Blebs, pressure driven protrusions of the cell membrane, facilitate the movement of eukaryotic cells such as the soil amoeba Dictyostelium discoideum, white blood cells and cancer cells. Blebs initiate when the cell membrane separates from the underlying cortex. A local rupture of the cortex, has been suggested as a mechanism by which blebs are initiated. However, much clarity is still needed about how cells inherently regulate rupture of the cortex in locations where blebs are expected to form. In this work, we examine the role of membrane energy and the motor protein myosin II (myosin) in facilitating the cell driven rupture of the cortex. We perform under-agarose chemotaxis experiments, using Dictyostelium discoideum cells, to visualize the dynamics of myosin and calculate changes in membrane energy in the blebbing region. To facilitate a rapid detection of blebs and analysis of the energy and myosin distribution at the cell front, we introduce an autonomous bleb detection algorithm that takes in discrete cell boundaries and returns the coordinate location of blebs with its shape characteristics. We are able to identify by microscopy naturally occurring gaps in the cortex prior to membrane detachment at sites of bleb nucleation. These gaps form at positions calculated to have high membrane energy, and are associated with areas of myosin enrichment. Myosin is also shown to accumulate in the cortex prior to bleb initiation and just before the complete disassembly of the cortex. Together our findings provide direct spatial and temporal evidence to support cortex rupture as an intrinsic bleb initiation mechanism and suggests that myosin clusters are associated with regions of high membrane energy where its contractile activity leads to a rupture of the cortex at points of maximal energy.

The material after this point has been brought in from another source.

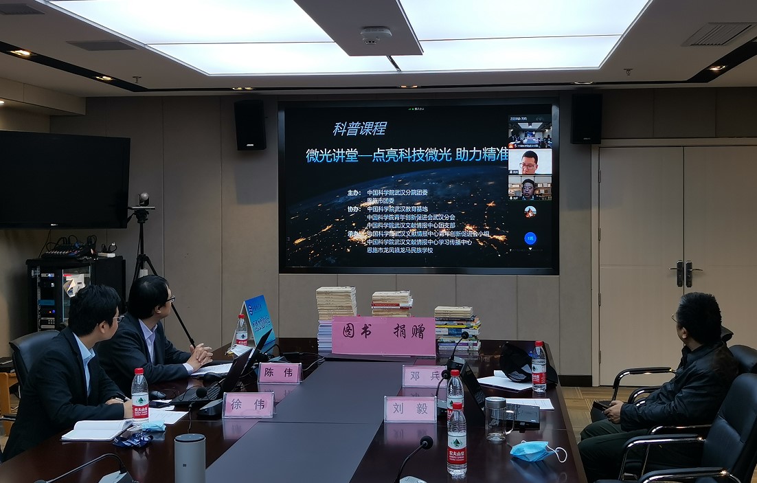 武汉文献情报中心青促会小组和学习传播中心负责具体承办此次活动,协助组织策划了课程实施方案,联系对接武汉分院对口帮扶地区恩施市龙凤镇的龙马民族学校作为课堂授课地点,并特邀精密测量创新研究院正高级工程师祁峰和中国疾病预防控制中心副研究员刘欢为同学们做了《卫星导航与原子钟》、《剑与盾之歌——人类对抗病毒的精彩瞬间》两场精彩的专题科普报告。讲座中,两位老师还与同学们连线交流,解答同学们的提问,并勉励同学们刻苦学习,努力为祖国做出贡献。最后,武汉教育基地、刘欢向学校捐赠了科普读物。

Aggregation competent Dictyostelium discoideum cells (Ax2 expressing LifeAct-GFP and Ax2 expressing myosin-GFP/Life-Act RFP) chomotaxing towards 4 micromolar CAMP under a block of agarose gel (0.7%) were imaged for 30 seconds using a spinning disk confocal microscope. Images were adjusted for brightness and contrast using Image J. See the Methods section our manuscript for more details.